Lebanese President Michel Aoun, as well as other politicians have called on the refugees to return to “safe areas” before a political agreement is reached tht will see the end of the Syrian war.
As per U.N estimates, Lebanon is host to nearly 1 million Syrian registered refugees; this translates to 25% of the country’s population.
As per an estimate by the Lebanese government, the number of Syrian refugees in Lebanon are around 1.5 million.
With the Syrian government gaining more grounds, thanks to support from Iran and Russia, many Lebanese politicians have stepped up their demands that Syrian refugees return to their country.
As per Major General Abbas Ibrahim, Director General of Public Security who is also a powerful man in Lebanon, Lebanon is in talks with Syrians authorities to ensure that thousands of Syrians do return to Syria.
Maj. Gen. Ibrahim said, he does not expect the Syrian refugees to stay for long in Lebanon.

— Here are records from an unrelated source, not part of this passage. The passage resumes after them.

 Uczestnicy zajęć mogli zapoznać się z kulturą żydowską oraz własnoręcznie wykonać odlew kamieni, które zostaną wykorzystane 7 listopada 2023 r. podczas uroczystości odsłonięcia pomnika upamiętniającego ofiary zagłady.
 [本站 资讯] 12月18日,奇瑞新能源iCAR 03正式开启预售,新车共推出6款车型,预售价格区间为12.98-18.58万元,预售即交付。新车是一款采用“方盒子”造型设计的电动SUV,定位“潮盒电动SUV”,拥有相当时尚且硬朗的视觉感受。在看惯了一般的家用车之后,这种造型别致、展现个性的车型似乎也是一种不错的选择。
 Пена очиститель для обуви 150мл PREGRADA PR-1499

The government has done a lot of hard work to ensure this outcome.
Given the dynamics of the circumstances though, he was not able to provide a timeframe for their return, nonetheless, he expressed his belief tht many refugees will soon return.

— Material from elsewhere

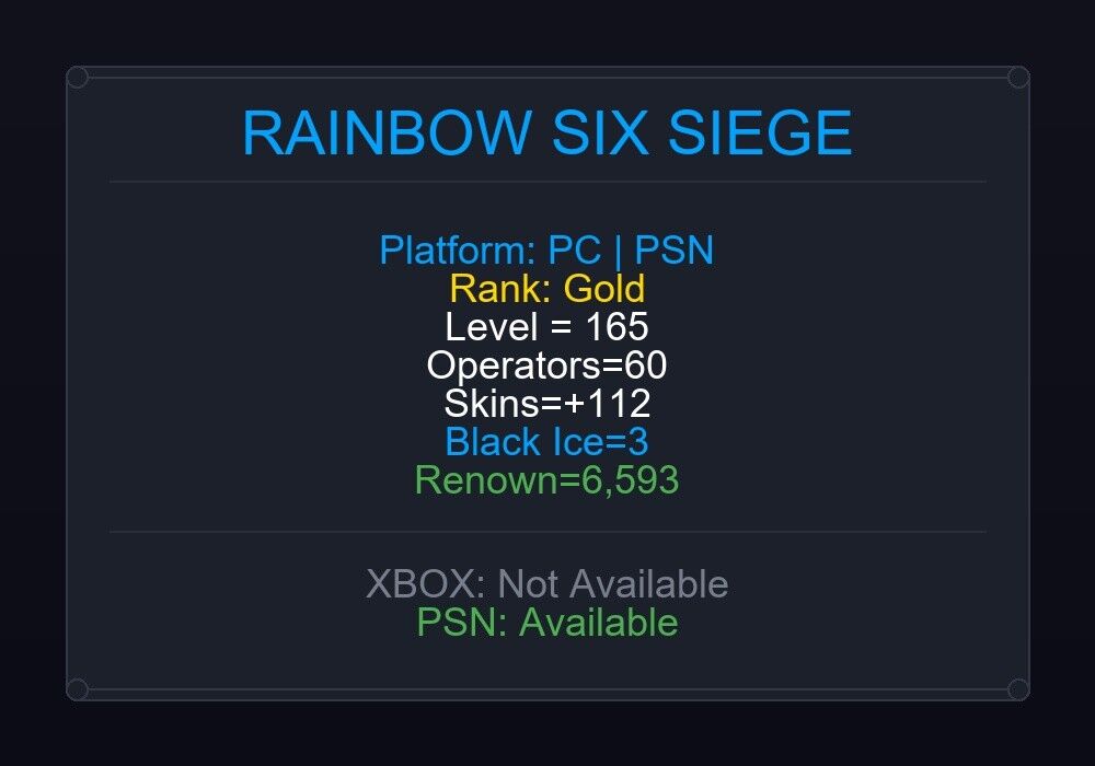If the account level is above 50+, you can play Rainbow Six Siege Ranked Ready matches. You can see all the skins and every detail from here r6skins.locker/profile/561a382a-989a-4565-89ac-b02c0f8d60f1
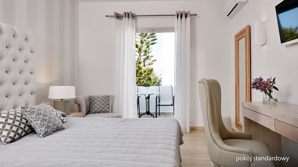 Pierwszy hotel na wyspie, jest idealnym połączeniem pięknej cykladzkiej architektury i nowoczesności. Położony w odległości krótkiego spaceru od centrum Firy – stolicy wyspy, oferuje niezapomniane widoki i pełen komfort wypoczynku. W ciągu dnia zrelaksuj się przy basenie, a wieczorem odpocznij w przestronnych, eleganckich pokojach wyposażonych we wszystkie wygody.

The Office of the United Nations High Commissioner for Refugees (UNHCR) said in a statement that it was “aware of the planning for several moves to the return of Syrian refugees to their country … and UNHCR is in constant contact with the General Directorate of General Security regarding this matter.”
The UNHCR however made it clear it was not involved in organizing the return of Syrian refugees from Lebanon.

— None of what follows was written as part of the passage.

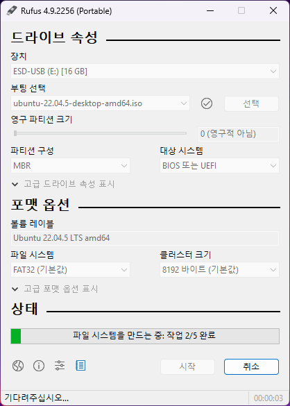 Linux Ubuntu 22.04 설치용 부팅 디스크 만들기 끝!
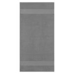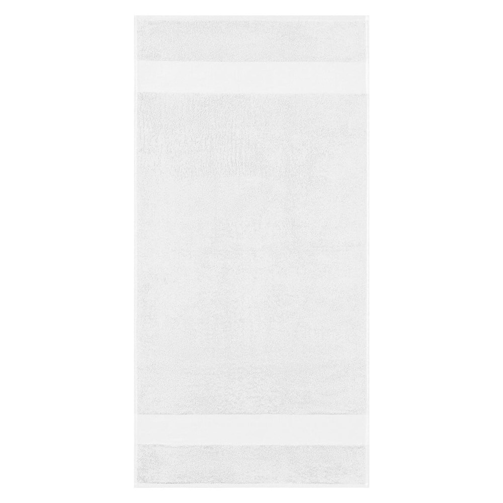 Das Handtuchmaterial ist 100 % recycelte Baumwolle. Die Grammatur liegt bei 450 Gramm pro Quadratmeter. Das Maß ist 100 mal 50 Zentimeter. Es ist ein pflegeleichtes und robustes Produkt. Die beiden Zierbänder sorgen für eine hochwertige Optik. Die Farbauswahl bietet flexible Branding-Optionen.

“This return or other at this stage in view of the humanitarian and security situation in Syria.”
In April 2018, during a conference on Syria hosted by the European Union and co-chaired by the United Nations, it was concluded that the conditions for return of Syrian refugees into Syria are yet to be met; current conditions are not conducive to voluntary repatriation, keeping their safety and dignity in view.
Highlighting the country’s existential threat that Syrian refugees pose, Lebanon’s President Michel Aoun stated the presence of Syrian refugees, who are mostly Sunnis, undermines the balance of Lebanon’s communal harmony between its Christians, Shiites, Sunnis and other sects.
However, he reiterated that the principle of voluntary return must be respected.